P.S.: O "românticos" do título refere-se aos escritores do Romantismo, escola literária de fins do século XVIII a meados do XIX.
P.P.S.: Alzira forever!!! XD

sexta-feira, 7 de novembro de 2008

Sobre pais e filhos

Seria um vício? Não, essa definição não caberia. Vício é algo recorrente. E ele, até agora, não tinha feito nada. Tudo permanecia no plano espiritual, o qual, desde que foi inventado por Platão, é o eterno refúgio das idéias etéreas. Enfim, ele desejava. Quase não conseguia se controlar. Por isso ficava quase exausto toda vez que se via naquela situação tentadora, digamos assim. E antes que vocês perguntam "Mas por que o cara não faz logo o que quer?", lhes digo: sua tentação era horrenda. Muito repulsiva. Vocês com certeza seriam incapazes de suportar a simples idéia do que ele ansiava por realizar. Falando de coisas mais úteis, ele era casado há uns 20 e poucos anos, trabalhava, comia, dormia. Em síntese, poder-se-ia dizer tratar-se de uma pessoa normal. Daquelas que você sempre cumprimenta quando a vê andando na rua ou almoçando no shopping. Mas, se ele fosse absolutamente normal, não haveria motivos para escrever sobre ele. Afinal, pessoas normais existem aos milhares. Se você quiser encontrar uma, ande uns dois quarteirões. Ou então olhe-se no espelho.
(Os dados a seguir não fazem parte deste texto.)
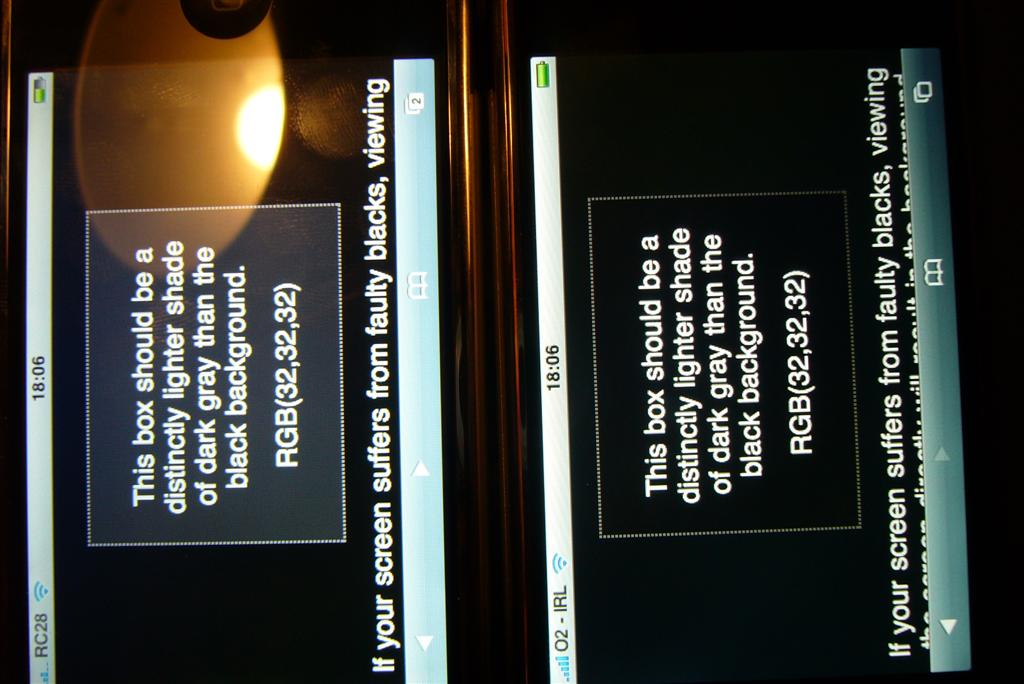 Overall, the screen just appears darker than mine, even at highest brightness settings, and if the screen is displaying certain black/dark colours it gives a weird "negative" effect. I took a few pics. The iphone with "RC28" up in the top left corner instead of vodafone is mine. The o2 iphone is the one with the bad screen;

E aí voltamos pra questão que faz esse homem estar presente neste post. O desejo maldito. Ele tinha um filho. Dez anos. A idade em que o mundo começa a ser descoberto. Toda vez que ele via o menino, sentia um arrepio na espinha. Seu coração palpitava. Era o desejo incontrolável. A sede insaciável. Um ardor terrificante. Não suportava mais conviver com isso. Como uma criança poderia lhe provocar sentimento tão ardente? Até então se controlara. Porém sabia que seu limite havia chegado. Mesmo que quisesse resistir, faltavam-lhe forças para tanto. Olhou para seu filho. Aquele pele tenra, macia, últimos resquícios de uma infância se despedindo. Sua face corada. Meu Deus, que inferno! Por quê? Por que precisava fazer aquilo? Nunca fizeram isso com ele antes. Aproximou-se do garoto. Enfim disse: "FIlho, eu te amo."